Below is a listing. Return the lines from the one that contains "including one Cactus" to the one that contains "Dresses are something", both ends included, verbatim and with no pictures.

(Extracted data):
▶

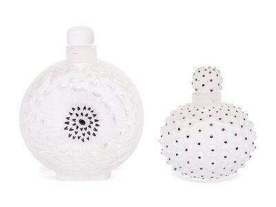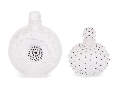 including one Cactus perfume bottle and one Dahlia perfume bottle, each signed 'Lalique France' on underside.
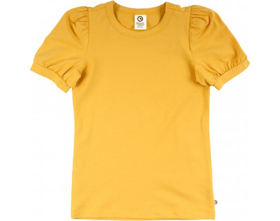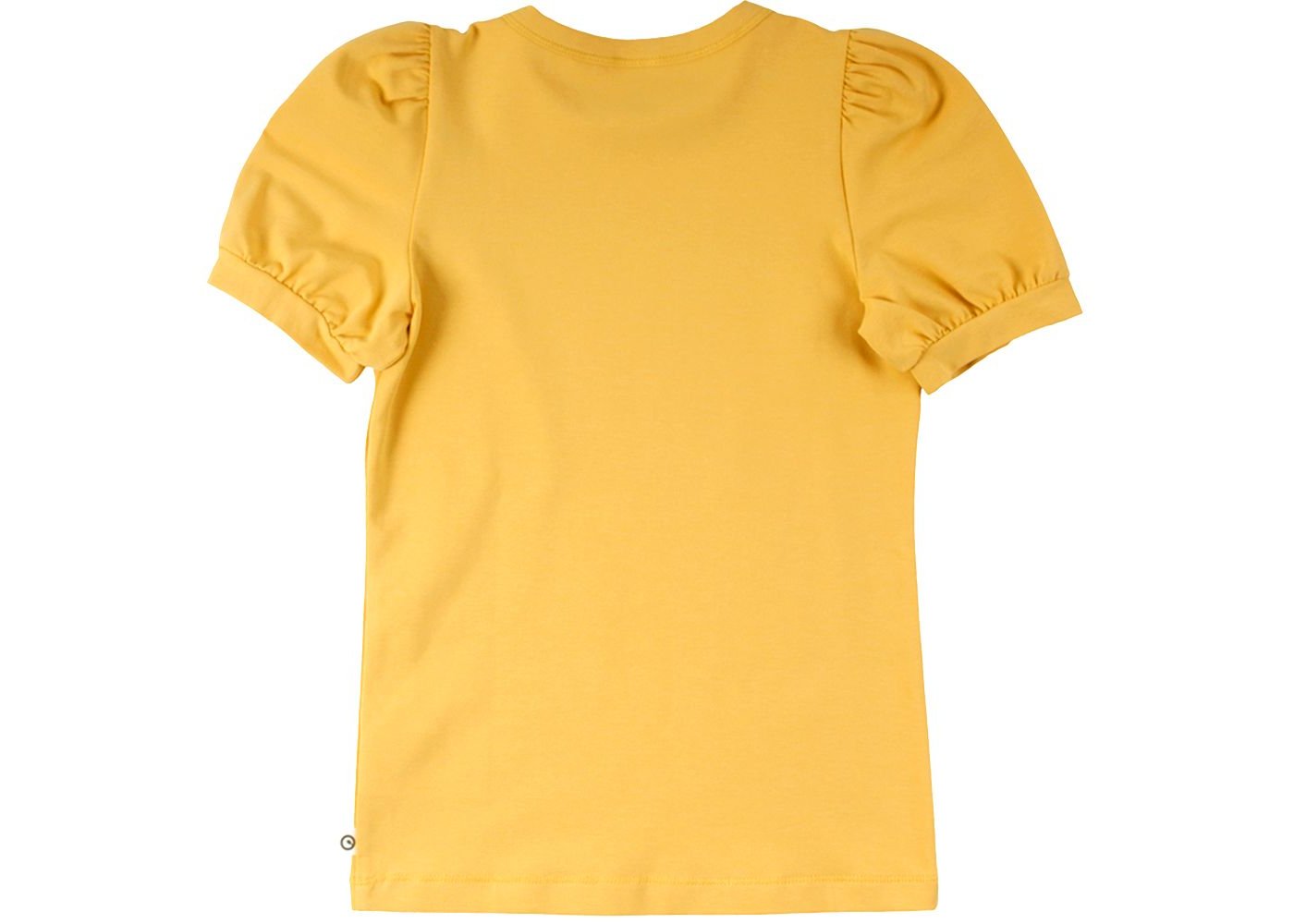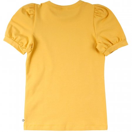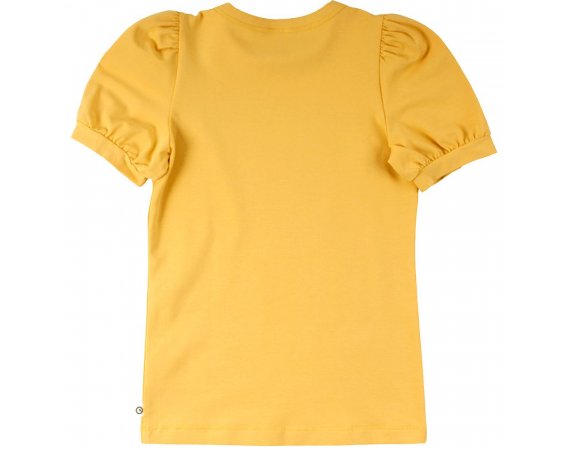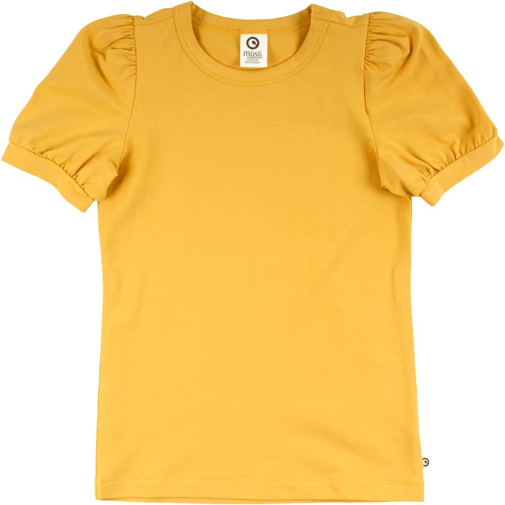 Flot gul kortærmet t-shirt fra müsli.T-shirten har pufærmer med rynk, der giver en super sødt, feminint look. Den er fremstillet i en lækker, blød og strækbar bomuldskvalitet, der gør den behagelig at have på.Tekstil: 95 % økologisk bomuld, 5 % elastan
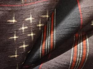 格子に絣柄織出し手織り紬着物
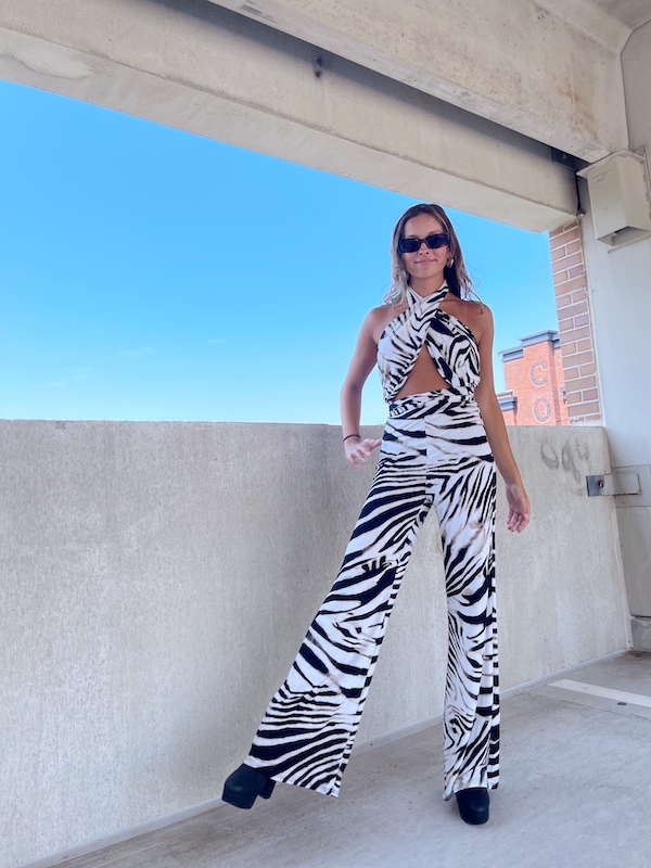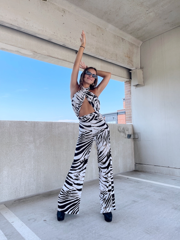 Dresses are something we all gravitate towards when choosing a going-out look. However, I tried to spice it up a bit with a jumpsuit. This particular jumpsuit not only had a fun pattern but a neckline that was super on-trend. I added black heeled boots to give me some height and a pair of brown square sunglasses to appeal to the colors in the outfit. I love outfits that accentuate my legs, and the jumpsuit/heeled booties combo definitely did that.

◀
▶

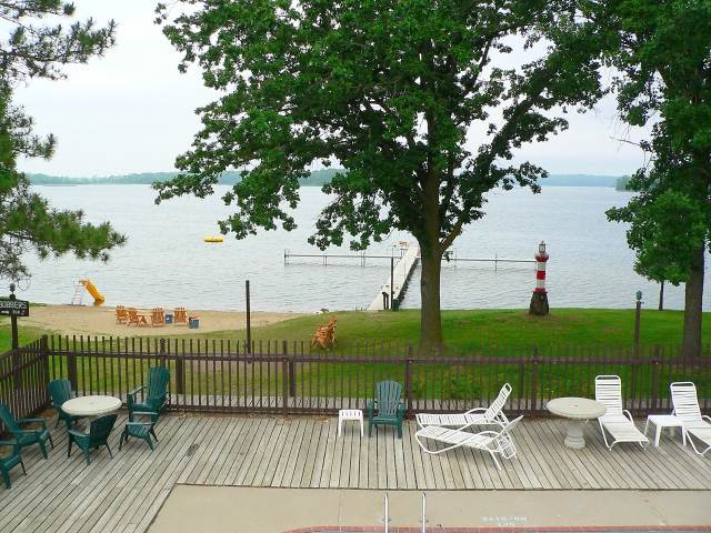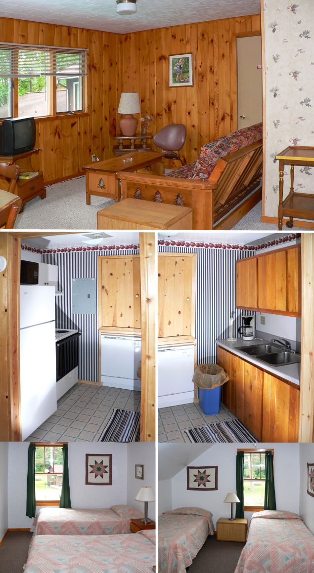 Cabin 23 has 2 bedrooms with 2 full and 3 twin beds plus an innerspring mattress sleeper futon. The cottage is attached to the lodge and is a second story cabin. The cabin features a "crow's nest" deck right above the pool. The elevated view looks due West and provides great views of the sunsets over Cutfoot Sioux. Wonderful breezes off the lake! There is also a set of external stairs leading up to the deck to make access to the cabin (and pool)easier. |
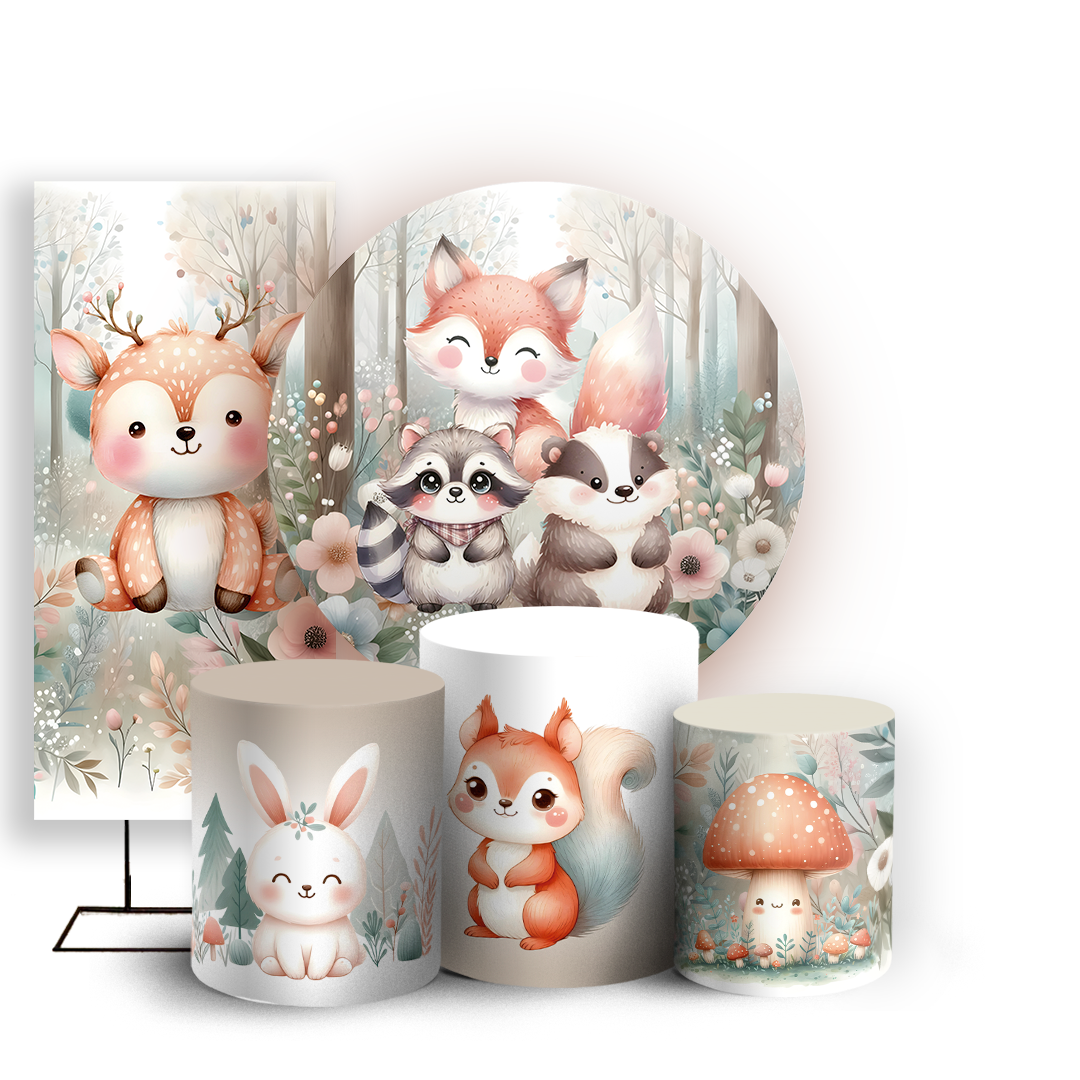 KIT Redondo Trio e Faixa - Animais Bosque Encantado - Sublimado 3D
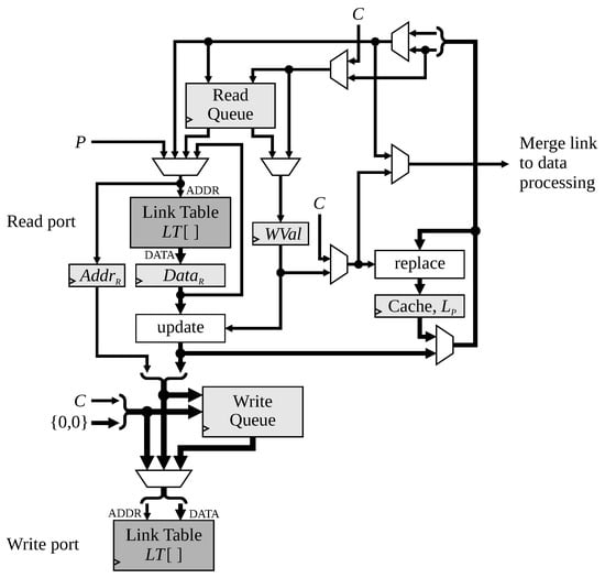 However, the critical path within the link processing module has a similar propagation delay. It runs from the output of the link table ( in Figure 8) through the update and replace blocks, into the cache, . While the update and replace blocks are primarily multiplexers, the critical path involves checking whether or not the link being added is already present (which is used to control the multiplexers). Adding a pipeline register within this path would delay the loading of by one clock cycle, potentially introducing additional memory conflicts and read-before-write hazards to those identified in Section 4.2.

◀

(Task solution):
 including one Cactus perfume bottle and one Dahlia perfume bottle, each signed 'Lalique France' on underside.
 Flot gul kortærmet t-shirt fra müsli.T-shirten har pufærmer med rynk, der giver en super sødt, feminint look. Den er fremstillet i en lækker, blød og strækbar bomuldskvalitet, der gør den behagelig at have på.Tekstil: 95 % økologisk bomuld, 5 % elastan
 格子に絣柄織出し手織り紬着物
 Dresses are something we all gravitate towards when choosing a going-out look. However, I tried to spice it up a bit with a jumpsuit. This particular jumpsuit not only had a fun pattern but a neckline that was super on-trend. I added black heeled boots to give me some height and a pair of brown square sunglasses to appeal to the colors in the outfit. I love outfits that accentuate my legs, and the jumpsuit/heeled booties combo definitely did that.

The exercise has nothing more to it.